Mal dissimulé derrière de vagues mots d'ordre, l'alourdissement de la fiscalité de l'épargne constitue une réforme à la fois inefficace et dangereuse.

Une fois de plus, les épargnants seront mis à contribution pour assurer le bouclage d'un budget dont les dépenses augmentent.


Une fois de plus, le paysage fiscal de l'épargne se trouvera bouleversé sans qu'il soit tenu compte du rôle majeur qu'elle joue dans le financement de l'économie.


Au delà des amendements qu'elle a déposés sur le projet de loi de finances et sur celui de financement de la sécurité sociale, la commission des finances du Sénat a souhaité, par le présent rapport, rappeler les quelques principes auxquels elle a affirmé son attachement chaque fois qu'elle a eu l'occasion de se prononcer sur la fiscalité de l'épargne.


Ces principes constituent une ébauche de doctrine susceptible de nourrir la réflexion et de servir de guide à la décision.


Ils ont d'autant plus de valeur qu'ils ont été invoqués à l'encontre de certaines décisions des gouvernements précédents (voir annexe 4 sur le résumé des positions du Sénat sur le projet de loi de finances pour 1996) et montrent que le rôle du Sénat n'est pas tant de soutenir ou de s'opposer au gouvernement en place, mais d'indiquer, avec force et constance, ce qu'il estime devoir être sa conception de l'intérêt général. Au gouvernement d'en tenir, ou de ne pas en tenir compte.


A l'instar des piliers de la sagesse, ces principes sont au nombre de sept :

LA DOCTRINE DE LA COMMISSION DES FINANCES DU SÉNAT EN MATIÈRE DE FISCALITÉ DE L'ÉPARGNE

Premier principe : l'épargne est importante : sans épargne, pas d'investissement, sans investissement pas de croissance durable.

Deuxième principe : l'opposition capital / travail est stérile ; si tant est qu'un rééquilibrage de la fiscalité du capital par rapport à la fiscalité du travail soit souhaitable, ce rééquilibrage doit se faire en diminuant les prélèvements sur les revenus du travail et non pas en augmentant ceux supportés par le capital.
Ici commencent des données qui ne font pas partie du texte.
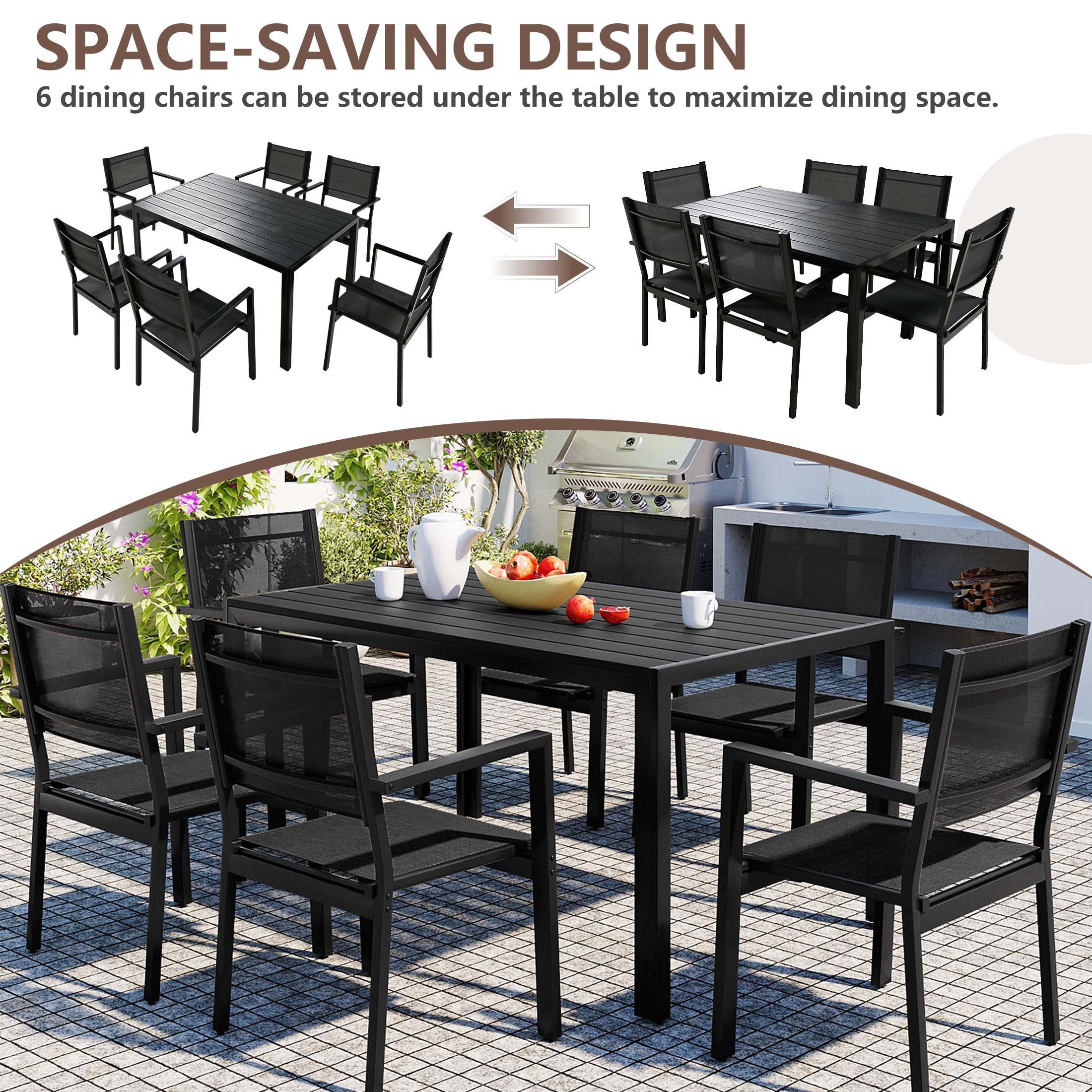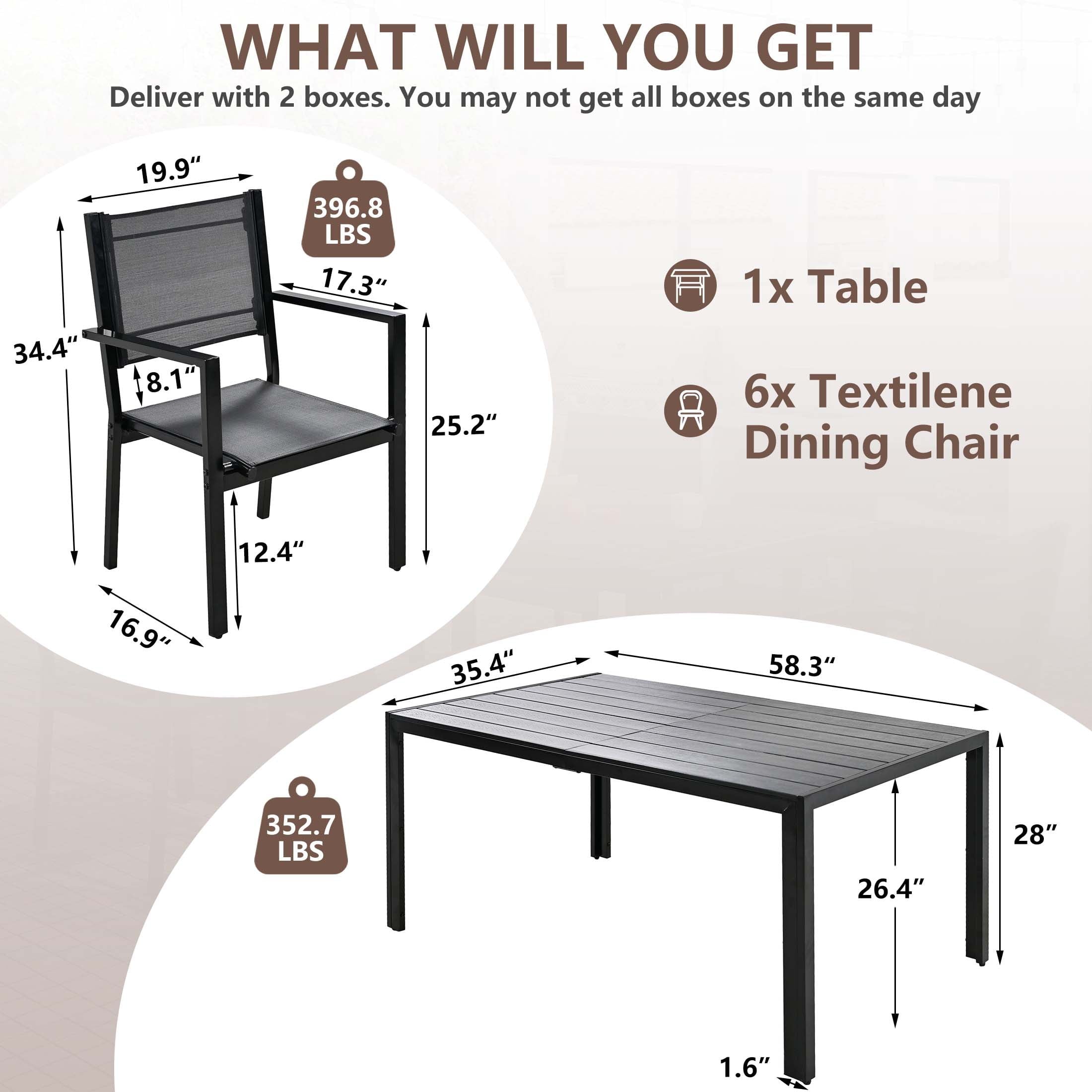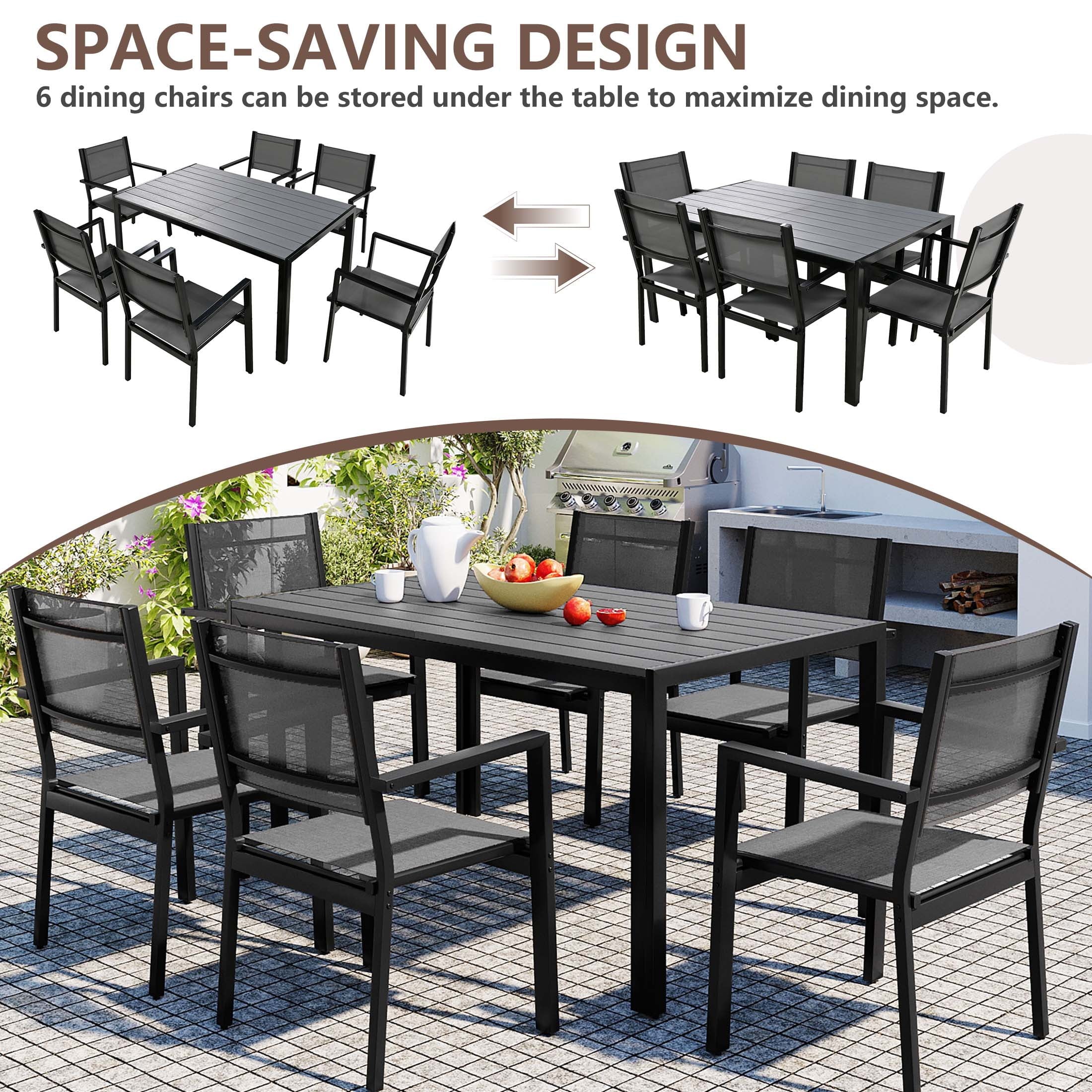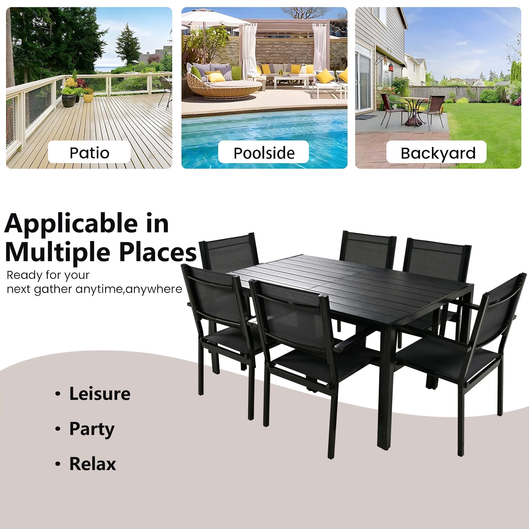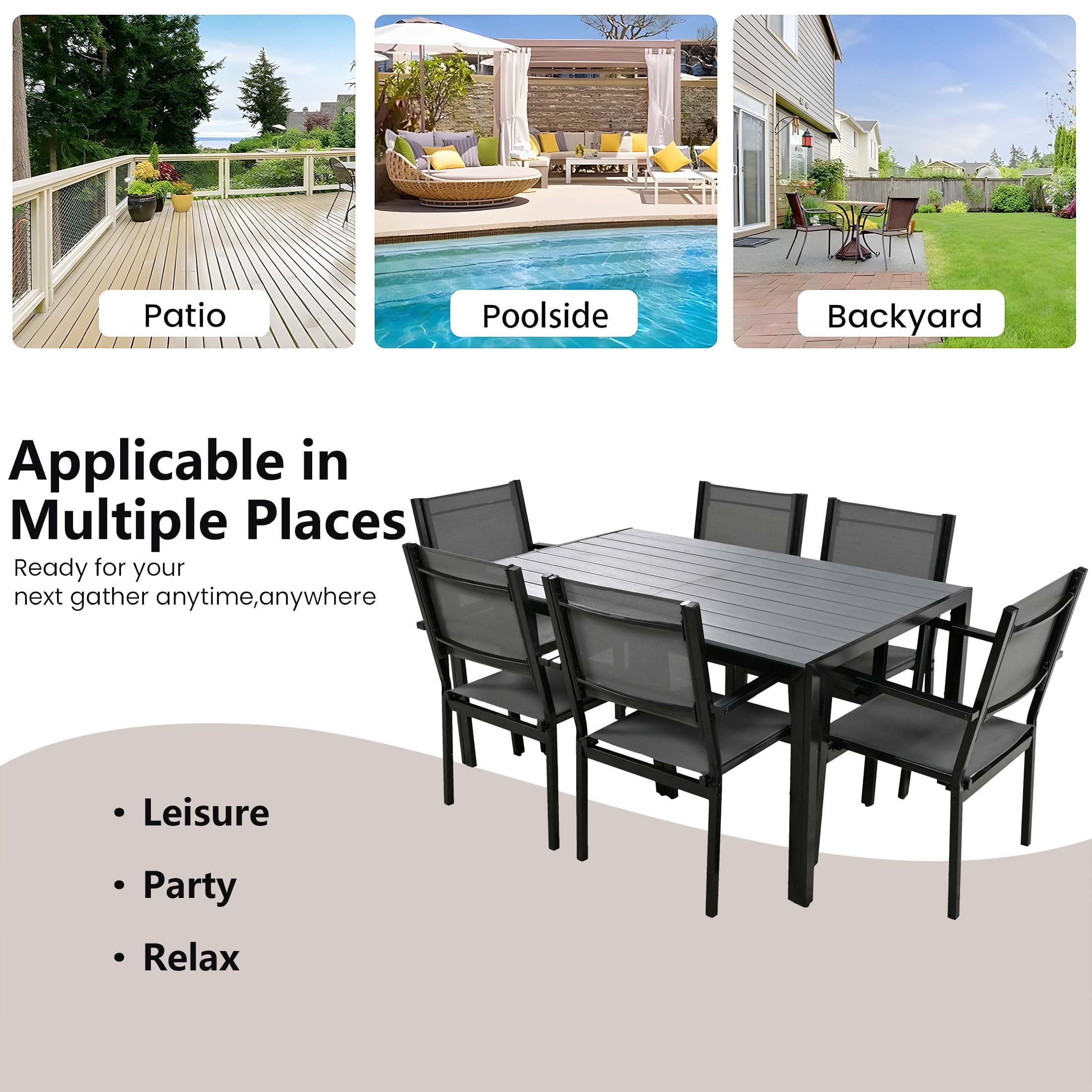 Including a rectangular dining table and 6 Textilene chairs, this outdoor patio dining set is a relaxing place to have meals or hold a party. Combining with classic color and modern design, our patio furniture set is great for various outdoor living spaces such as patios, backyards, gardens, balconies and poolside areas.
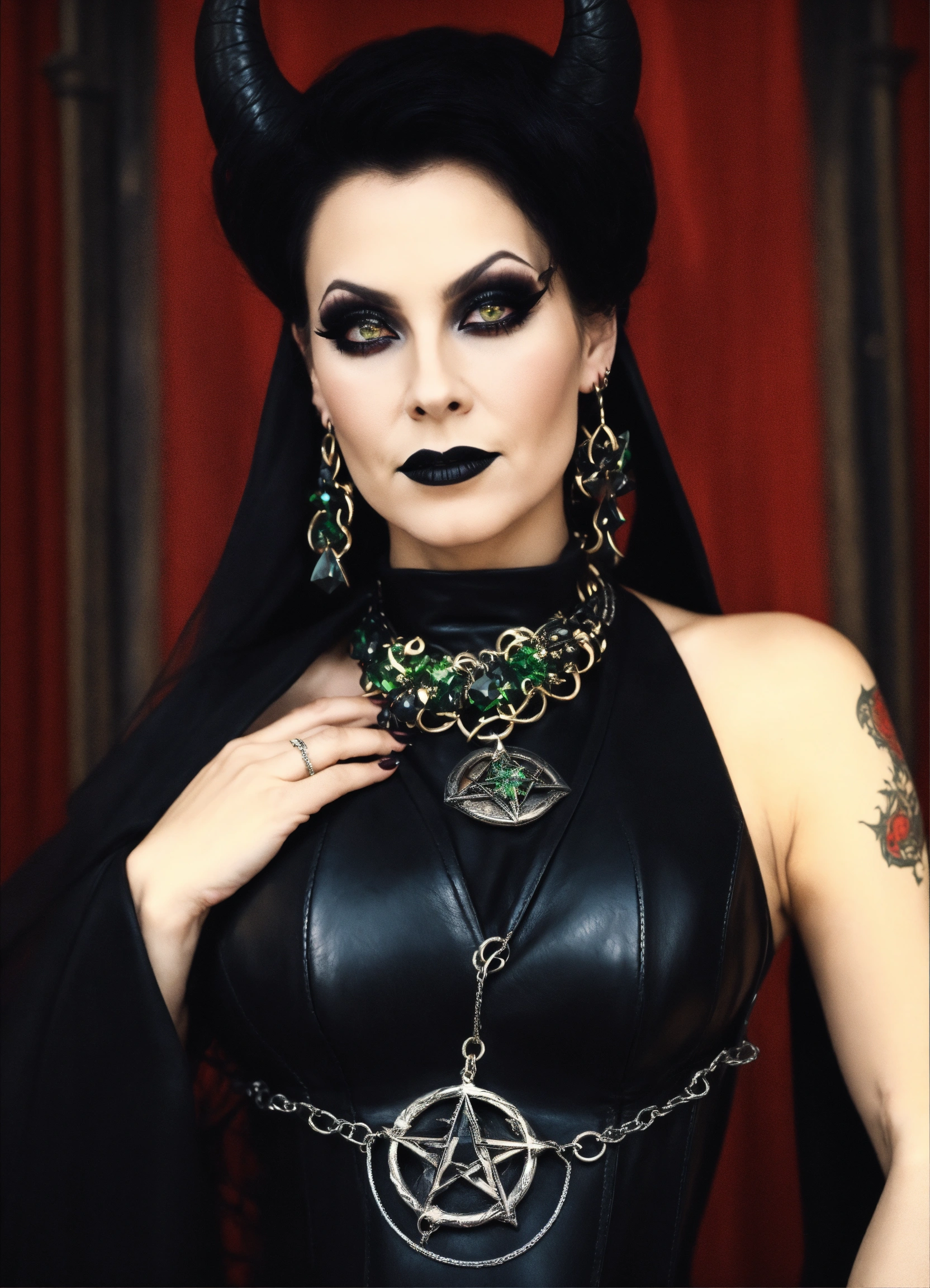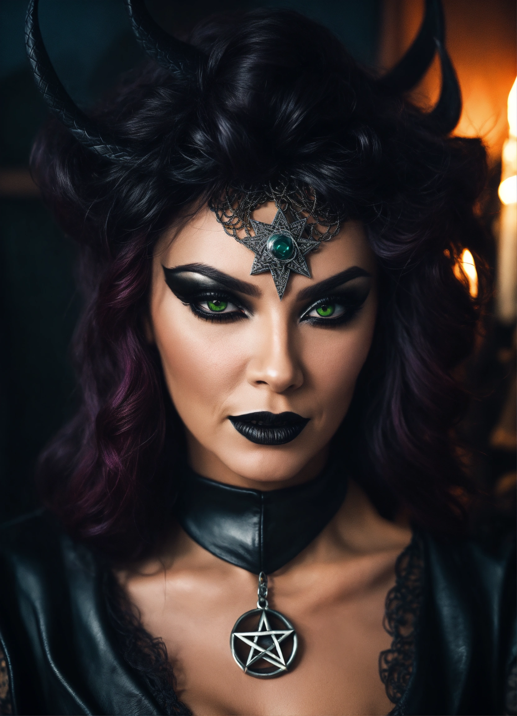 Beautiful extremely evil wicked satanic goth black witch mesmerizing you wearing black leather, evil diabolical wicked extremely powerful hypnotizing endora ursula medusa eyes, 5-point pentagram necklace on her neckline, dark sorceress who rules the universe all realms & all dimensions
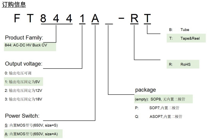 FT8441A:適用于 Buck 結(jié)構(gòu),持續(xù)輸出電流為 300mA,封裝形式同樣為 SOP8。
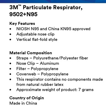 3M 9502+ N95 Particulate Respirator/ 1 Box@50Pcs
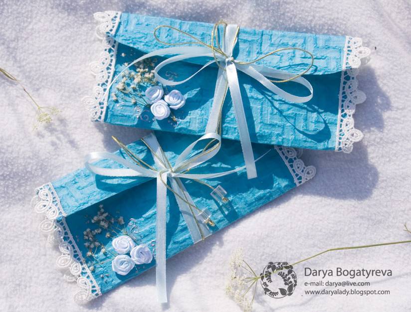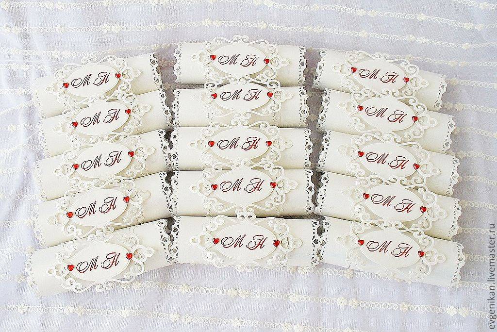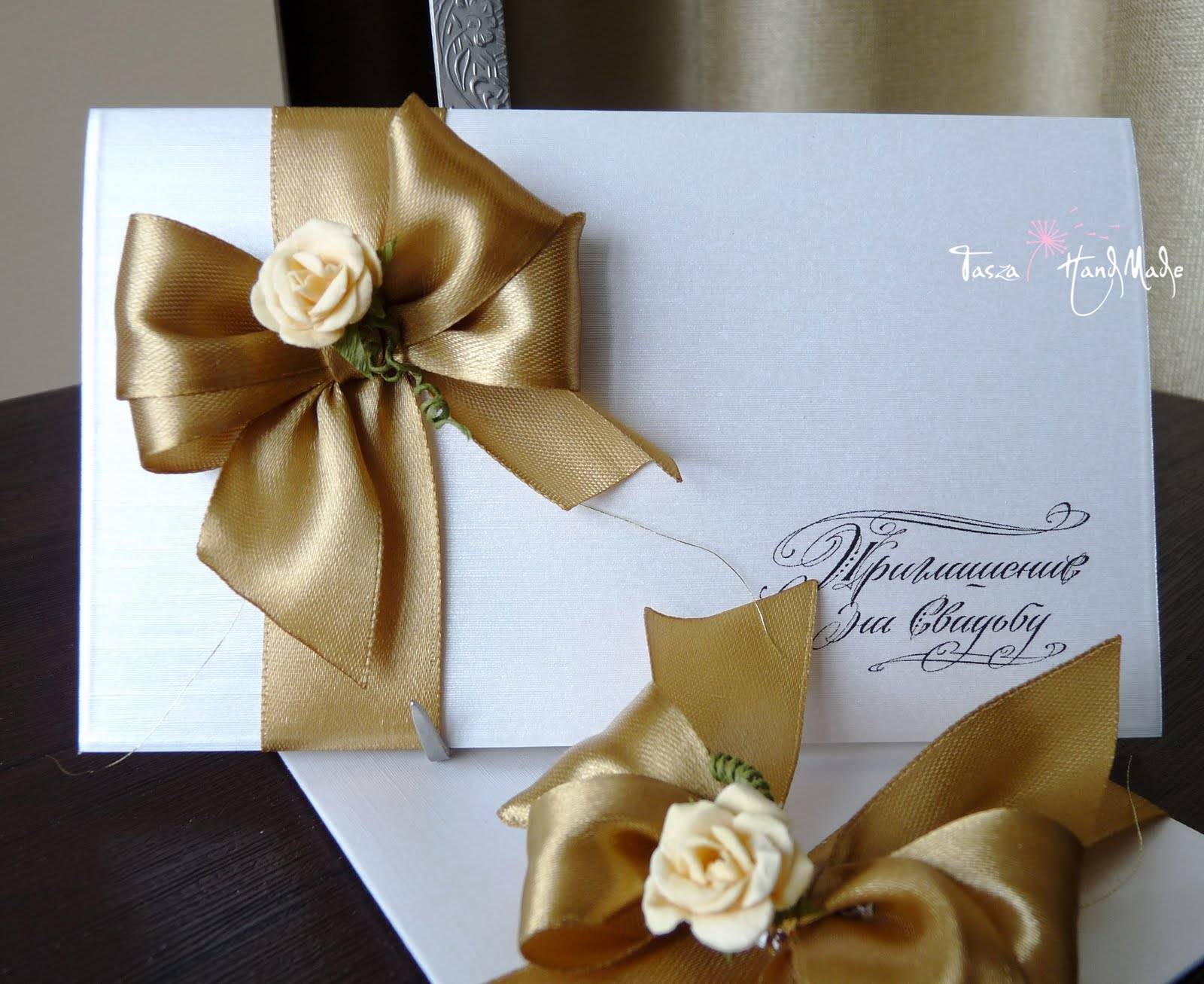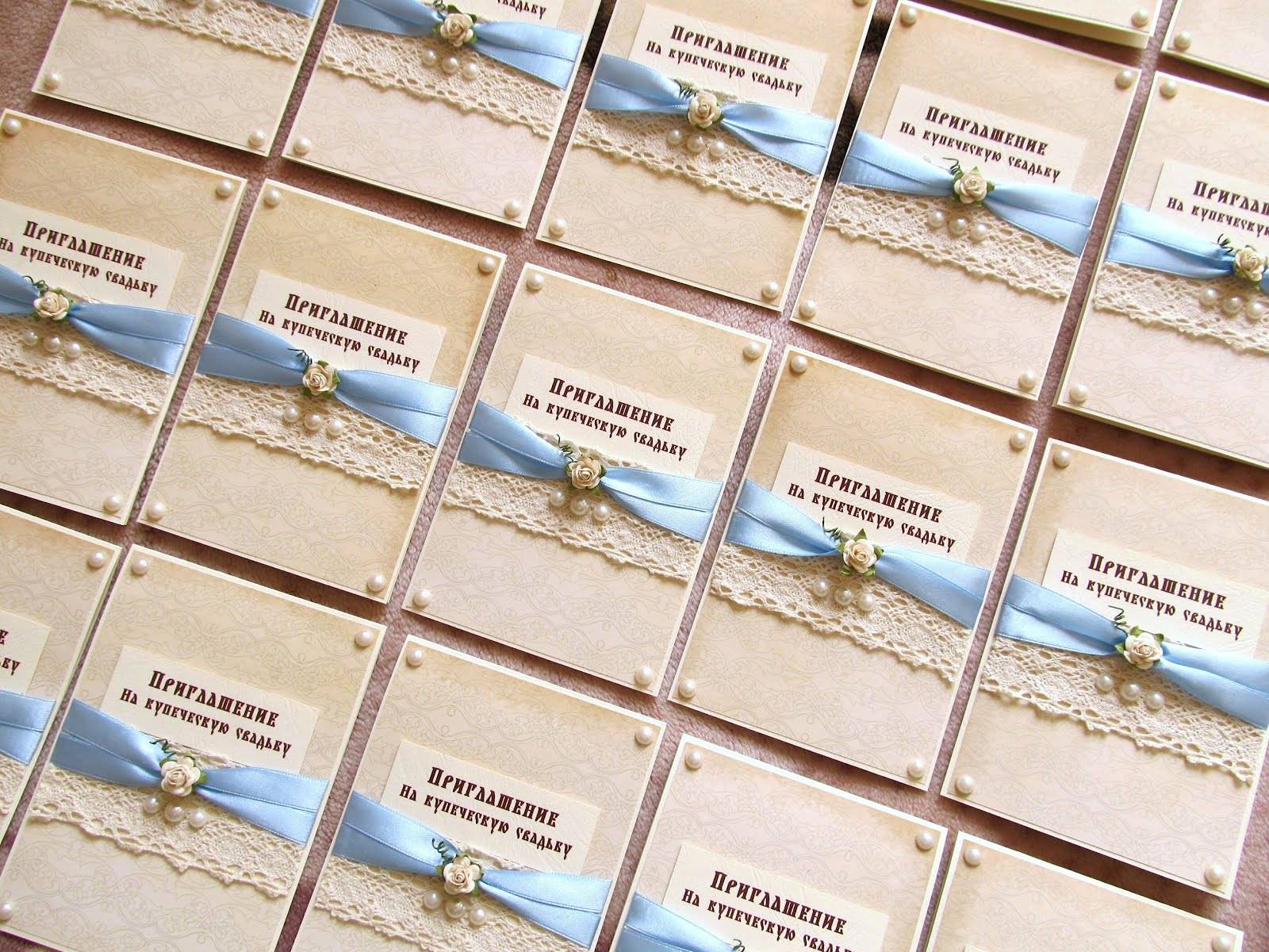 заказать пригласительные ручной работы у мастера и вам создадут уникальный шедевр из бумаги, дорогой кожи, красивой ткани и тому подобное. свадебной открытки может быть лукошком с сюрпризом, старинным папирусом, бутылкой с запиской, ценной бандеролью или экзотическим фруктом. Заказать или приобрести готовые пригласительные открытки можно тут

Troisième principe : une taxation supplémentaire de l'épargne ne permet pas de relancer la consommation. Il ne sert à rien d'invoquer des alibis économiques pour justifier des mesures qui n'ont d'autre objet que de faire rentrer des recettes dans les caisses de l'État. Seule la confiance permet de modifier le partage épargne-consommation. Or, on ne rétablit pas la confiance en augmentant les impôts.

Quatrième principe : il vaut mieux essayer d'agir sur la structure de l'épargne que sur son volume. La fiscalité est impuissante à modifier le volume de l'épargne, en revanche elle est très influente sur la structure de l'épargne, c'est à dire sur l'orientation des placements.

Cinquième principe : la fiscalité de l'épargne doit assurer la neutralité entre actifs de même nature (par exemple tous les titres de taux doivent être traités de la même manière, quelque soit le support).

Sixième principe : la fiscalité de l'épargne doit prendre en compte la durée de l'engagement d'épargne, et favoriser les titres de fonds propres plutôt que les titres de dettes.

Septième principe : le législateur doit assurer un cadre fiscal stable et s'abstenir de prendre des mesures rétroactives.